When to use it. You have a book with meaningful grouping structure — schemes, territories, affinity partners, NCD classes — and not enough exposure in each group to rely solely on group-level experience. The Bühlmann-Straub model is the actuarial standard answer to this question and has been since 1970. It is not glamorous, it is not machine learning, and it is exactly right for the job. It produces credibility factors Z_i ∈ [0, 1] for each group that blend the group’s own weighted-average loss rate with the portfolio collective mean. The structural parameters v (within-group variance) and a (between-group variance) are estimated from the data, not assumed.

The critical diagnostic is Bühlmann’s k = v/a. A large k (say k > 100) means the groups are genuinely homogeneous and the data is noisy — you should trust the collective. A small k (say k < 5) means the groups differ substantially — even thin experience should move the premium.
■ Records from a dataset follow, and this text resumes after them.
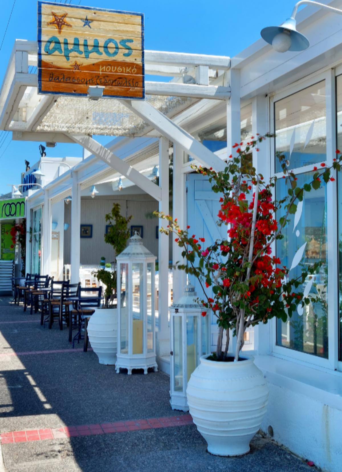 Δίπλα στο εκκλησάκι της Αγίας Μαρίνας,μπροστά στην θάλασσα, σε περιβάλλον που θυμίζει ελληνικό νησί…βρίσκεται το μουσικό θαλασσομεζεδοπωλείο Ammos Restaurant.Για άλλο ένα καλοκαίρι το μουσικό θαλασσομεζεδοπωλείο Ammos Restaurant στο Αυλάκι του Πόρτο Ράφτη, σας προσκαλεί να γευτείτε το φρέσκο ψάρι και τους θαλασσινούς του μεζέδες. Με γεύσεις που προκαλούν και θέα την θάλασσα, σας ταξιδεύει στα ελληνικά νησιά μας, απολαμβάνοντας ζωντανή μουσική και εξυπηρέτηση βασισμένη στην ελληνική φιλοξενία.Ο ανακαινισμένος μας χώρος, έχει τη δυνατότητα να φιλοξενεί 350 περίπου άτομα, με άφθονο χώρο πάρκινγκ, κι ενδείκνυται τόσο για βραδινές όσο και για μεσημεριανές εκδηλώσεις, με μενού και τιμές που ικανοποιούν και τους πιο απαιτητικούς. Αν βρίσκεστε στο Πόρτο Ράφτη και θέλετε να γευτείτε μοναδικά πιάτα θαλασσινών και μεσογειακής και ελληνικής κουζίνας υπό την συνοδεία ζωντανής μουσικής, τότε το μόνο που έχετε να κάνετε είνα να επισκεφθείτε το Ammos Restaurant στο Πόρτο Ράφτη. Τέλος μπορείτε να συνοδεύσετε το γεύμα σας με καλό κρασί ή ουζάκι , από τις επιλογές που διαθέτει το εστιατόριο Ammos Restaurant στο Πόρτο Ράφτη.
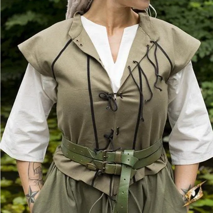 This doublet is decorated with black satin lining. It has cords for closing. It is possible to wear the doublet half opened in case of wearing a large shirt with decorations underneath. This doublet is available in the sizes XXS-XL
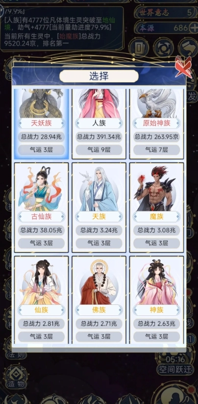 2. 种族培育:通过孕育生灵创造不同种族,品阶随天道等级提升;启示生灵添加强者;福泽选项提升种族境界;诸神之战选择战力最高种族参赛,获取奖励。
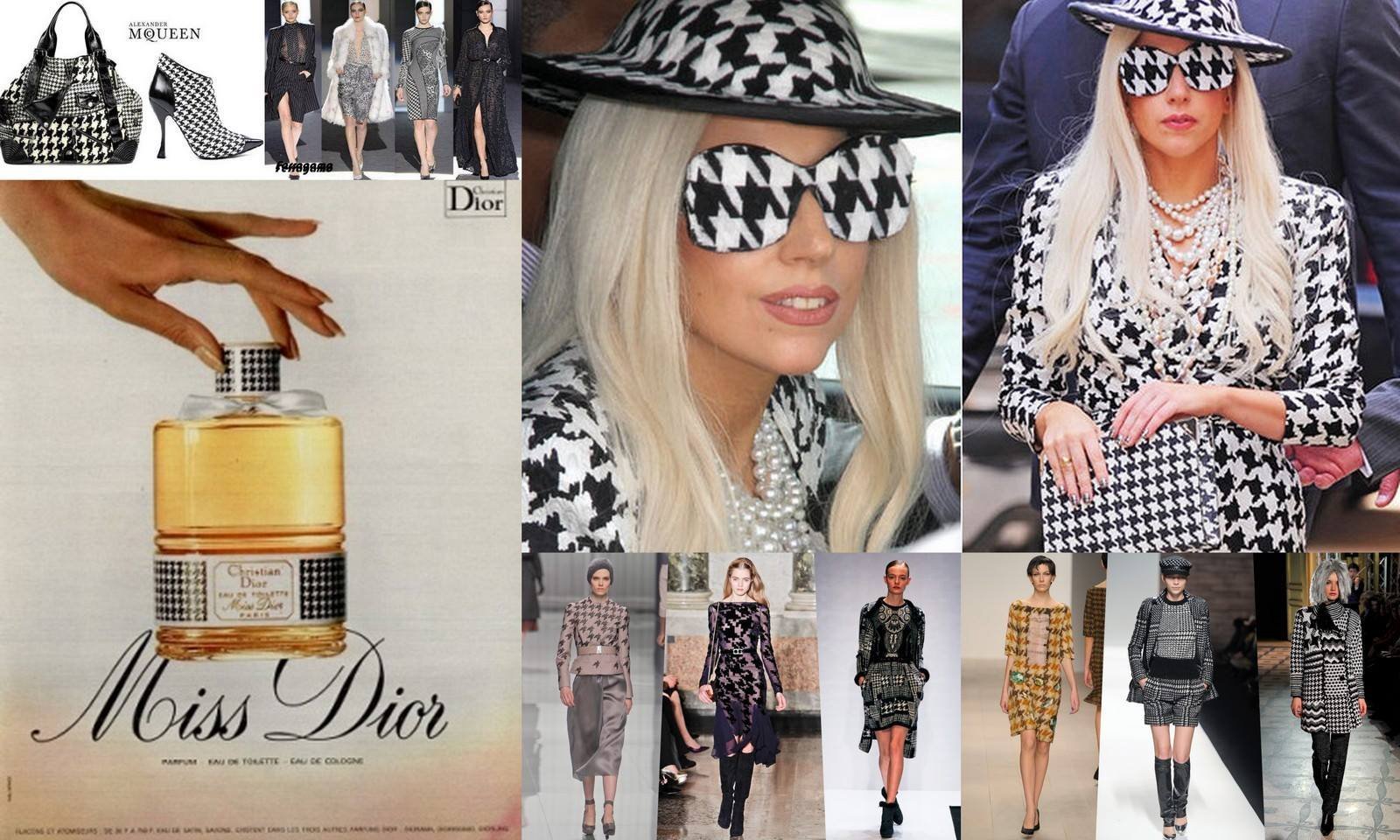4. Pied de poule от Диор до Ферагамо: 1947 година е годината на New look  на Кристиан Диор. Именно тогава големия дизайнер издига pied de poule като синоним на финес и стил, решавайки да „облече“ своя най-известен аромат Miss Dior. Парфюма, създаден в чест на неговата сестра, преминава през етапи на търсене на нова визия и през 1950 година, докато е ангажиран със своята колекция “Verticale”, Диор смята че е настъпил момента да промени външния вид на флакона. За първата поява на модела pied de poule за Miss Dior, дизайнера създава матови и гланцови отблясъци върху гравиран стъклен флакон, за да изведе на преден план двойствеността на оригиналния парфюм. От този момент, оптичната шарка бива приета и предлагана от различни дизайнери, които с времето я превръщат в истинска тенденция. Решителни за успеха на pied de poule се оказват 60-те години: благодарение на един любопитен и методичен поглед към бъдещето, група млади художници създават арт движение, чийто фокус са оптичните илюзии. Движението се нарича Optical Art. Модата не може да живее без вдъхновения, така дизайнери като Карл Джордан и Роберто Капучи създават дрехи с текстуиран триизмерен ефект, сред които е и pied de poule, който добива все повече популярност. През последните десетилетия, оптичния мотив бива преоткриван множество пъти и интерпретиран дори за създаване на спортни облекла. През 1990 година, стиловете са толкова различни, че термина „тенденция“ почти бива архивиран, и точно тогава марки като Chanel, Louis Vuitton, Emporio Armani и Moschino, използват pied de poule за колекциите си, като по този начин печелят звездите от червения килим. Малко по-късно Chanel, Albino, Moschino отново връщат шарката върху облекла тип панталони, сака и рокли. Колекцията на Alexander McQueen, който през 2009 година използва щампата, покривайки изцяло телата на своите манекенки с нея, е по-скоро осквернителна. През 2012 година Салваторе Ферагамо, в своята колекция есен/зима, изкарва на модния подиум като total look иновативен pied de poule, координирайки облекла, чанти и обувки и предизвиквайки реална тенденция за сезона. Лейди Гага бива изкушена от щампата и се появява в марков total look pied de poule, именно на дизайнера Ферагамо.
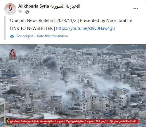 الاخبارية السورية تستخدم صور قصف النظام السوري على مخيم اليرموك (الفلسطيني) لوصف دمار غزة
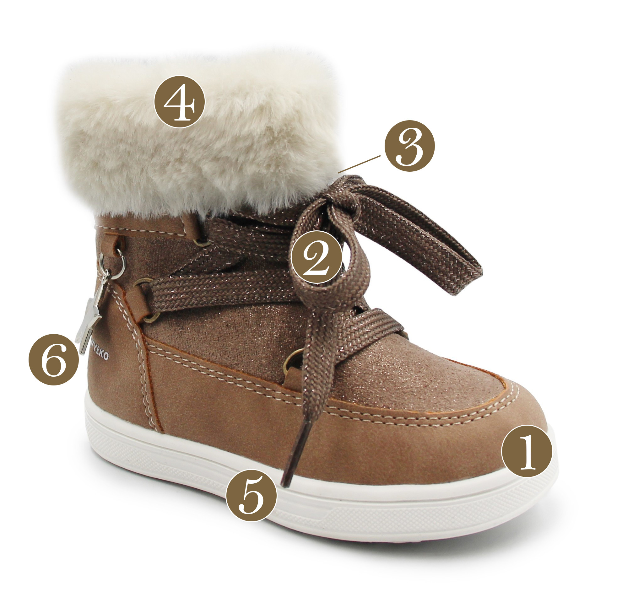Dziewczęce buty zimowe, ich wnętrze pokryte jest miękkim futerkiem, które zapobiega odczuwaniu zimnych temperatur. Zapinane za pomocą sznurowadeł oraz suwaka. Z boku obuwia znajduje się ozdobna przypinka w postaci gwiazdki. Antypoślizgowa tekstura na spodzie buta to dodatkowa przyczepnosć do podłoża.
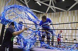 地元の英雄・大石真翔が紙テープをまとめる(右写真)。
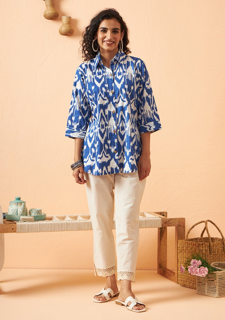 The Indigo Wave Top features a striking blue and white pattern reminiscent of ocean waves. This eye-catching design, combined with its vibrant indigo hue, makes it a standout piece perfect for adding a bold, stylish touch to any wardrobe.
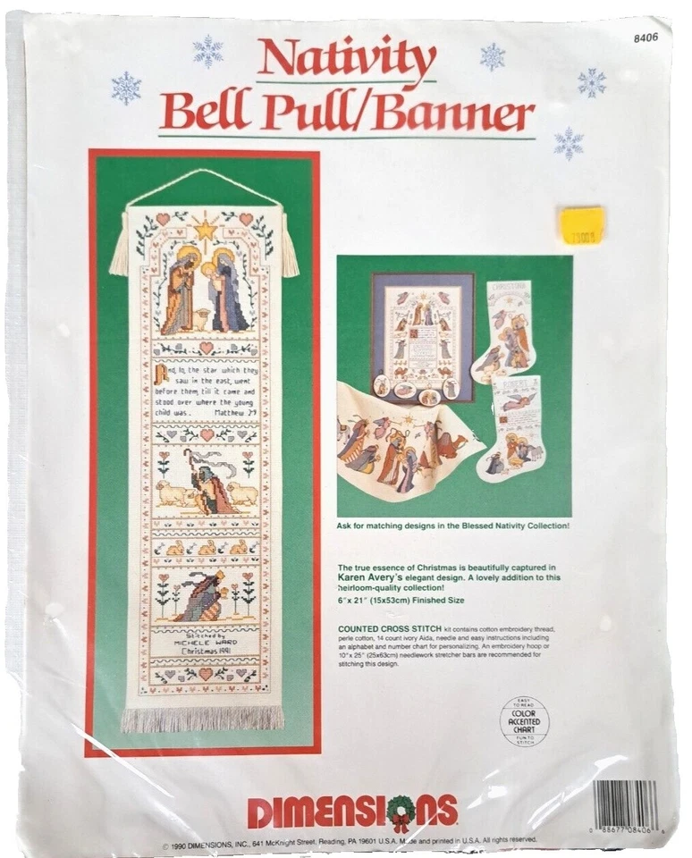 Anuncio nuevoCarillones de viento Dimensions 1998 punto de cruz contado Santa primera Navidad juntos

Both outcomes are informative.

For experience rating at individual policy level — adjusting a priori premiums based on a policyholder’s own claims history — use StaticCredibilityModel from insurance_credibility.experience rather than BuhlmannStraub.

import polars as pl
from insurance_credibility import BuhlmannStraub

# Panel data: one row per (group, period)
# e.g. commercial fleet schemes across five underwriting years
df = pl.DataFrame({
    "scheme":     ["A", "A", "A", "B", "B", "B", "C", "C", "C"],
    "year":       [2021, 2022, 2023] * 3,
    "loss_rate":  [0.55, 0.60, 0.58, 0.80, 0.75, 0.82, 0.40, 0.42, 0.38],
    "exposure":   [1000, 1200, 1100, 300, 350, 320, 5000, 4800, 5200],
})

bs = BuhlmannStraub()
bs.fit(df,
       group_col="scheme",
       period_col="year",
       loss_col="loss_rate",
       weight_col="exposure")

bs.summary()
# Structural parameters: mu_hat, v_hat (EPV), a_hat (VHM), k = v/a
# Group results: z_ (credibility factors), premiums_

print(bs.z_)       # credibility factors — scheme A gets ~0.72, scheme C gets ~0.95
print(bs.premiums_)  # blended credibility premiums per scheme

The uncertainty in the credibility premium is quantified implicitly by Z_i itself: a low Z_i means the interval around the credibility premium is wide. For explicit confidence intervals on the structural parameters, the bootstrap is appropriate, but in practice the credibility factor tells you what you need to know — how much to trust a group’s own experience.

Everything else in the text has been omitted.